Trade Updates for Week of June 6, 2018

United States Court of International Trade

 

Preliminary Injunction Granted

Where a single entry bond requirement (“SEB Requirement”) imposed an enhanced SEB Requirement amount of three times the value of the entire shipment, the Court granted an injunction restraining U.S. Customs and Border Protection from collecting such a bond, other than the $200,000 continuous bond currently in place for plaintiff.

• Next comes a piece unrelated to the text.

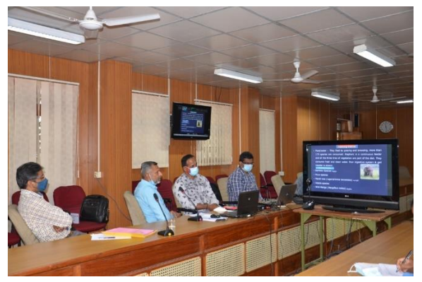
A view of training course lecturesession

A panel discussion on "Prevention, control and management of invasive alien species" was organized on 6<sup>th</sup> August 2021. Dr N. Krishnakumar, PCCF (Retd.), Tamil Nadu State Forest Department chaired the panel discussion and all the resource persons along with the participants interacted during the discussion. The training programme was concluded on 6<sup>th</sup> August 2021 with valedictory function.

In U.S. Auto Parts Network,  Inc. v. United States et al., Court No. 18-68, Slip Op. 18-62 (May 25, 2018), the Court reviewed the preliminary injunction factors to decide whether an injunction should be granted.  Because of plaintiff’s inability to pay the SEB Requirement at about $9 million, and plaintiff’s showing that it would be forced into bankruptcy if required to pay the SEB Requirement, the Court found for plaintiff in regards to irreparable harm, balance of hardships, and agency action in violation of the APA.   The single entry triple bond was determined to be excessive and the Court noted that the government determined that approximately 99% of the goods imported by U.S. Auto were not implicated by Customs’ counterfeit allegations, which was the reason for the SEB Requirement. In regards to public interest, the Court found that it weighs in favor of both plaintiff and defendants where, plaintiff has had to force time off for employees because of the SEB Requirement, and defendant is mandated to enforce the law. While the Court did not find that plaintiff provided a sufficient showing in regards to due process claims, it nonetheless granted the injunction.

 

Final Scope Ruling Remanded on Zinc Anchors

In OMG, Inc. v. United States and Mid Continent Steel & Wire Inc., Court No. 17-36 , Slip Op. 18-63 (May 29, 2018), plaintiff challenged Commerce’s determination that zinc anchors fall within the scope of Antidumping and Countervailing duty orders on Certain Steel Nails from the Socialist Republic of Vietnam. Certain Steel Nails from the Socialist Republic of Vietnam: Final Scope Ruling on OMG, Inc.’s Zinc Anchors (Feb. 6, 2017), P.D. 29 (“Final Scope Ruling”).  The zinc anchors by definition are not nails or “fastener(s) inserted by impact into the materials to be fastened.”  OMG’s anchors are “inserted into predrilled holes which must be a minimum of ½[inch] deeper than the Zinc Anchor embedment.” Slip Op. at pg. 10.   Moreover, trade usage supports the conclusion that OMG’s zinc anchors are not nails.  Thus, the Court remanded the Final Scope Ruling to Commerce for further consideration consistent with the Court’s opinion.

 

Ex Parte Communications Must Be Included In Administrative Record

In CSC Sugar LLC. v. United States, Slip Op. 18-64, Court No. 17-00214 (June 1, 2018) & in CSC Sugar LLC. v. United States, Slip Op. 18-65, Court No. 17-00215 (June 1, 2018) the Court heard arguments over Commerce’s duty to disclose ex parte communications about suspension agreement renegotiation regarding sugar from Mexico subject to antidumping and countervailing duty investigations. Commerce had previously placed antidumping and countervailing duties on sugar from Mexico,  but had made suspension agreements in regards to the duties with the Mexican Government. In 2016, Commerce notified Mexico that it intended to withdraw from the agreements unless the terms were renegotiated. After the renegotiation process “Commerce invited interested parties to comment on the draft” suspension agreements. Id. at 5. However, plaintiff brought this case contending the administrative record was incomplete because the Financial Times had published an article reporting phone calls between U.S. representatives, Mexican representatives, sugar industry representatives that was never disclosed on the record.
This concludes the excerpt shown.